LDHs are two-dimensional nanosheets with an interesting structure that are highly regarded by researchers in various fields of electrochemistry due to their attractive properties such as ease of preparation, excellent electrochemical activity, great physical stability, natural abundance, and cost-effectiveness [40, 55, 56]. They can be synthesized only by applying a constant negative potential through a simple electrodeposition method on the surface of the electrode in the presence of a solution containing desired metal ions.

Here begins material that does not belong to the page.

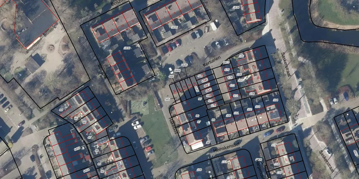 Gebruik de zoekbalk of klik op een perceel voor informatie over de adressen binnen dit perceel.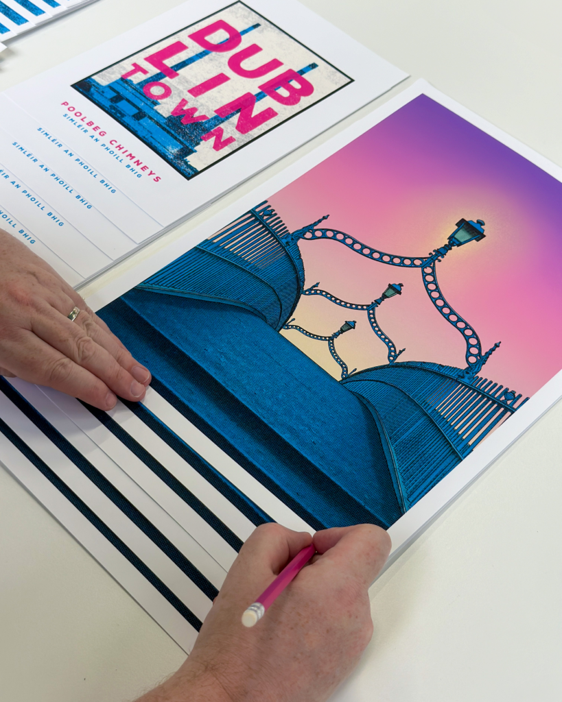 At JANDO, we combine traditional techniques like screen printing, riso printing, and hand-drawn illustration with a fresh, modern approach to create something truly unique. Every print is made by us, right here in our studio. Along the way, we’ve had the pleasure of collaborating with amazing clients like Notre Dame, Trinity College, Jameson Irish Whiskey, Bank of Ireland, PayPal, and the Irish Aviation Authority on a range of creative and charity-led projects.

Research on the direct in situ growth MOFs has focused on the applications of electrocatalysis and capacitors. Shahrokhian group presented in situ growth MOFs of Cu MOF, CoZn MOF, and NiCo MOFs for glucose measurement [40, 55, 56]. Huang et al. used NiCo MOF nanosheets obtained from template-controlled in-situ growth on Ni foam for high performance asymmetric supercapacitors [57]. However, as far as we know, this technique has not been used to develop biosensors for loading biomolecules and to improve the properties of electrochemical biosensors.

Various nickel-based nanoparticles are of great interest for the development of various biosensors because, in addition to good conductivity, low cost and electro-inactivity in physiological pH solutions, they have robust interactions with biological molecules and due to their high biocompatibility, they are able to maintain the biological activity of biomolecules [4, 17].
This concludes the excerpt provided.